Są dwie główne teorie wyjaśniające dlaczego Romney traci w sondażach. Jedna z nich mówi, że to po prostu mierny kandydat. Druga, że to wyraz niechęci Amerykanów do radykalizmu republikanów. Która jest prawdziwa?
Ostatnich kilka dni spędziłem na debatach z prawicowcami, wśród nich z Groverem Norquistem i Ann Coulter. Nie żeby szczególnie mnie to bawiło. Robię to, ponieważ nad wyraz wielu Amerykanów uważa tych ludzi za przekonujących – pokazanie dlaczego się mylą, wydaje się zatem istotne.
Istnieją dwie główne teorie wyjaśniające dlaczego Romney traci w sondażach. Jedna z nich mówi, że to po prostu mierny kandydat, niezdolny do porozumienia z ludźmi czy wyłożenia swoich racji. Druga jest taka, że Amerykanie zaczynają wreszcie rozumieć, jak bardzo radykalna staje się Partia Republikańska – i dlatego ją odrzucają.

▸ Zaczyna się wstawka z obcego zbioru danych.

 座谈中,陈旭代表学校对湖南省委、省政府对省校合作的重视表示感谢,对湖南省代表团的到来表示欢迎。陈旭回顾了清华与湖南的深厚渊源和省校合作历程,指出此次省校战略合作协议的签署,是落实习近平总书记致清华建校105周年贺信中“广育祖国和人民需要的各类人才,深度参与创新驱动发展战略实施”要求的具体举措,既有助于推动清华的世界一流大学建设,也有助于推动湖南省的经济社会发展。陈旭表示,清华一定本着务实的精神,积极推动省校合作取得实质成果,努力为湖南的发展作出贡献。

Wielu Republikanów – w tym niektórzy prawicowcy, z którymi dyskutowałem – żywi ten pierwszy pogląd (ze zrozumiałych powodów). Jeśli Romneyowi w tym tygodniu nie uda się jakiś spektakularny powrót do gry, oczekiwałbym jeszcze więcej narzekań z ich strony na temat jego osobistych braków, a także na temat słabości sztabu jego kampanii.

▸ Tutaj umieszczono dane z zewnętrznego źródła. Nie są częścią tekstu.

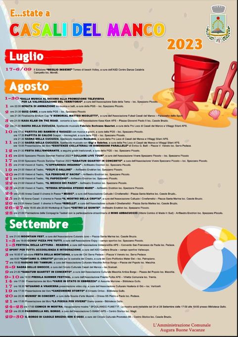 Quest’anno il cartellone degli eventi estivi del Comune di Casali del Manco è ricco e articolato. Ad annunciarlo sono il Sindaco, Francesca Pisani, e l’Assessore con delega alla Cultura, Giulia Leonetti, insieme con tutta l’Amministrazione comunale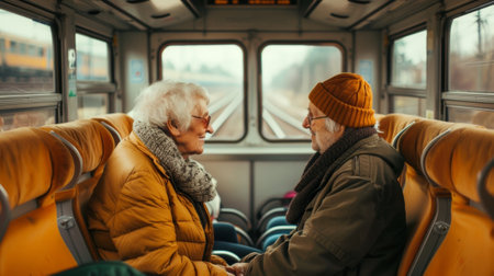 Silverhaired travelers reminiscing about past train adventures and sharing stories with fellow passengers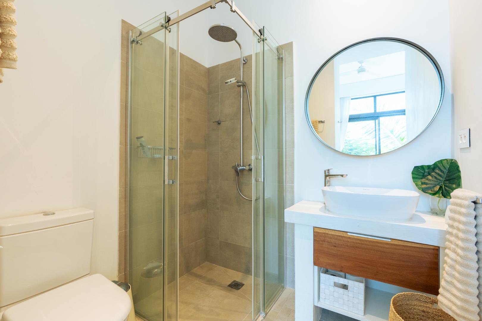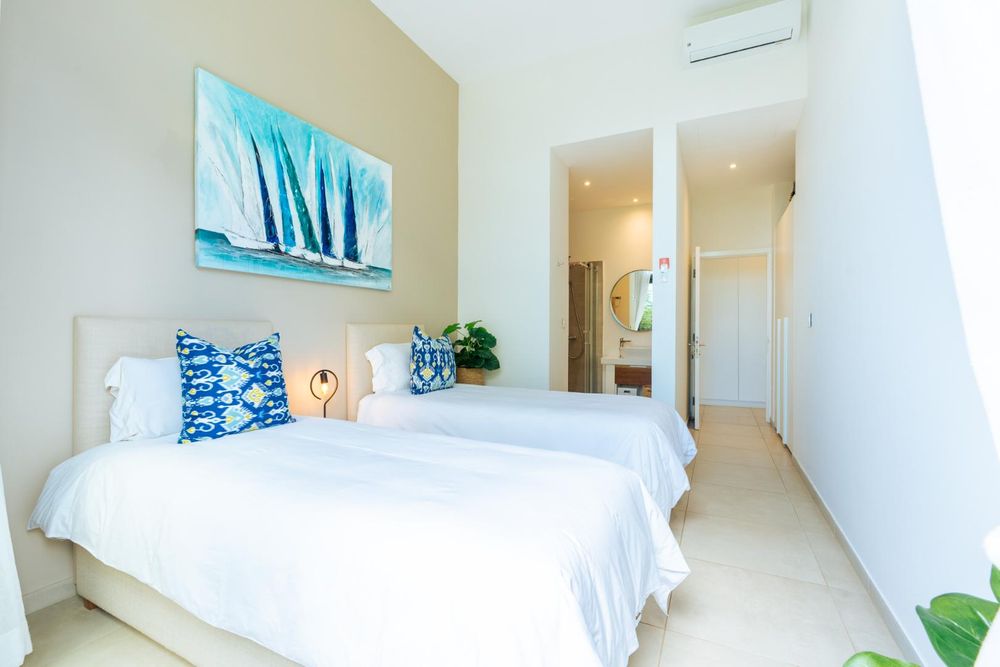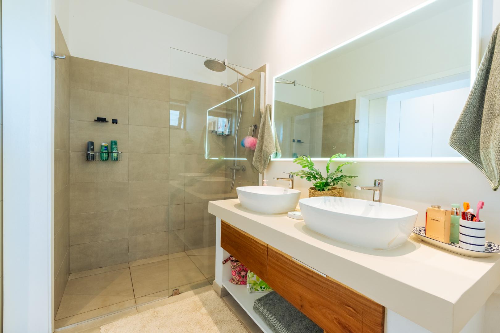 Upstairs, a private 121m2 open air entertainment terrace truly sets this property apart. Designed for effortless entertaining, it includes built in cupboards, a bar counter, a shower and expansive space for dining or relaxing. From here, you enjoy stunning 360 degree views incorporating the ocean, Coin de Mire, Flat Island and the surrounding mountains.

Drugie wyjaśnienie wydaje mi się jednak dużo bardziej przekonujące. Kandydaci w prawyborach republikańskich, a potem konwencja Republikanów pokazały Ameryce partię bardzo już odległą od „współczującego konserwatyzmu”, jaki próbowała społeczeństwu sprzedać jeszcze w roku 2000. Zamiast tego mamy ugrupowanie przejęte przez Herbaciarzy, natywistów, darwinistów społecznych, homofobów, prawicowych kaznodziejów i grupkę bogatych ludzi, których interesuje jedynie stanie się jeszcze bogatszymi.
Ci „regresywiści” byli obecni również w roku 2000, to jasne. Czaili się już w latach 90., kiedy Izbę Reprezentantów przejął Newt Gingrich. Byli również w latach 80., choć pogodne usposobienie Ronalda Reagana dało im niezłą przykrywkę. Tak naprawdę byli wśród Republikanów od ponad półwiecza – ale nigdy wcześniej nie mieli nad partią tak wielkiej kontroli, nigdy wcześniej nie dzierżyli jej sterów.

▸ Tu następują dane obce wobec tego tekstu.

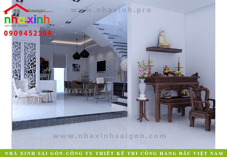 Lấy tấm tường thô dựng đứng làm vật ngăn cách giữa phòng khách và khu vực sinh hoạt. Sự sáng bóng của gạch men sàn tinh khôi, mát lạnh đến độ ta có thể tự mình soi gương tạo nên sự dịu mắt, tươi sáng và tràn ngập năng lượng.

Ten drugi pogląd na temat spadku poparcia dla Romneya wyjaśnia również efekt „kamienia u szyi” – to dlaczego tak wielu Republikanów w całym kraju, zarówno w Senacie jak i w Izbie Reprezentantów traci w sondażach. Scott Brown jest np. bardzo popularny w Massachusetts. Jego wyniki sondażowe spadają jednak w ostatnich tygodniach właśnie dlatego, że obciąża go balast rosnącej niechęci opinii publicznej dla całej Partii Republikańskiej. To samo dotyczy wyborów do Senatu na Florydzie, w Wirginii, a także w każdym innym stanie, w którym toczy się wyborczy wyścig.
Porażki Romneya nie wynikają z tego, żeby był on złym kandydatem. Wręcz przeciwnie, daje on swej partii dokładnie to, czego chciałaby ona od swego kandydata. I na tym właśnie polega jego problem – tak jak w przypadku każdego innego kandydata republikańskiego – że to, czego chce jego partia, nie zbiega się z tym, czego chce reszta Amerykanów.